Is there any way to do this trick using `Module API`

instead of Gluon? I find that setting gradient to zero is not that straightforward when using `Module API`

.

Once you create a module, you can use `mod._exec_group.grad_arrays`

to access the gradients. Each element in grad_arrays is itself a list of NDArrays. To set the NDArray to zero, just do `x[:] = 0`

or `x*=0`

.

Thanks for the solution. I never thought I could do it like this. By the way, could you tell me how you find these “private APIs” ? I searched on the official documents but I got nothing relavant.

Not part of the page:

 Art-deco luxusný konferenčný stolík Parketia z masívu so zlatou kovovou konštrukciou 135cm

Module API is less flexible than Gluon, so you have to read the python code of mxnet to get a better understanding. I recommend cloning MXNet repo and using pycharm to traverse through the code if you choose to do so. In this particular case, this is what I did:

- Looked at
`BaseModule.fit()`

to see how a training loop updates parameters - Looked at
`Module.update()`

to see in the details of parameter update. Noticed that gradients are accessed through`self._exec_group.grad_arrays`

- I already knew how you can set contents of a gradient to zero. Alternatively, you can also checkout the implementation of
`Parameter.zero_grad()`

to get an inspiration, which I just did and realized that it uses yet a different way to set gradient NDArrays to zero:

`ndarray.zeros_like(i, out=i)`

I really appreciate for the suggestion and the help. It’s so good to have people like you in the community.

Hi! I think it is a bit more complicated than this in practice, right?

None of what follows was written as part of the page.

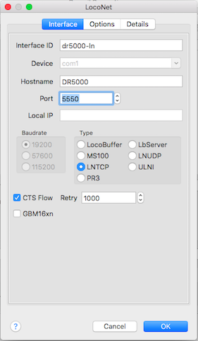 | LocoNet, LNTCP, is recommended for the DR5000 communication. |

for example, when I do what you propose on gluoncv SSD I get this: “UserWarning: Gradient of Parameter `ssd0_expand_trans_bn0_moving_mean`

on context gpu(0) has not been updated by backward since last `step`

. This could mean a bug in your model that made it only use a subset of the Parameters (Blocks) for this iteration. If you are intentionally only using a subset, call step with ignore_stale_grad=True to suppress this warning and skip updating of Parameters with stale gradient”

how to handle this?

this fix seems to work! About stale gradient

```
for p in net.collect_params().values():
if p.grad_req != 'null':
p.grad_req = 'add'
```

actually not training anything How to make gradient accumulation work in MXNet? if someone can help that will be appreciated!

Hi this error should not have to do with setting grad_req to ‘add’ value, I’ve encountered many times when I wasn’t calculating the loss properly. Please try the same code without the `grad_req='add'`

trick to see if you get the same error.